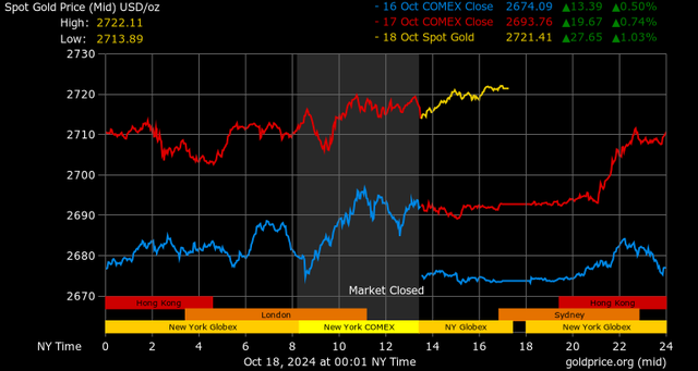 Trên thị trường vàng thế giới, giá vàng giao ngay chốt phiên hôm qua tại Mỹ tăng 28,3 USD lên 2.720,8 USD/ounce.
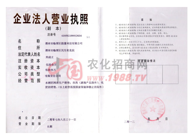 陜西渭南能量科技有限公司,是一家大中型科研、生產(chǎn)、經(jīng)營(yíng)綜合性液體肥企業(yè)。公司擁有一批高的科技專家和技術(shù)骨干力量。并有先進(jìn)型多組合生產(chǎn)線,年生產(chǎn)萬(wàn)噸以上綠色環(huán)保型沖施肥和葉面肥。
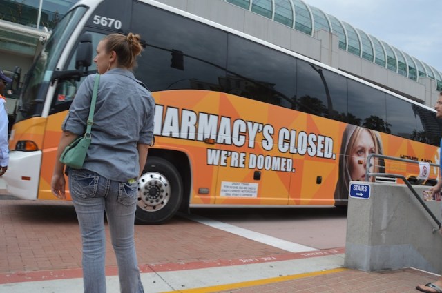 Even the transport round town gets in on the act. Buses wrapped in ads for TV shows and Movies.

□ □ □ □

- **WORK TO BE COMPLETED**
Apart from the pictures, repeat the data above exactly.

- **RESPONSE TO THIS EXERCISE**
 Trên thị trường vàng thế giới, giá vàng giao ngay chốt phiên hôm qua tại Mỹ tăng 28,3 USD lên 2.720,8 USD/ounce.
 陜西渭南能量科技有限公司,是一家大中型科研、生產(chǎn)、經(jīng)營(yíng)綜合性液體肥企業(yè)。公司擁有一批高的科技專家和技術(shù)骨干力量。并有先進(jìn)型多組合生產(chǎn)線,年生產(chǎn)萬(wàn)噸以上綠色環(huán)保型沖施肥和葉面肥。
 Even the transport round town gets in on the act. Buses wrapped in ads for TV shows and Movies.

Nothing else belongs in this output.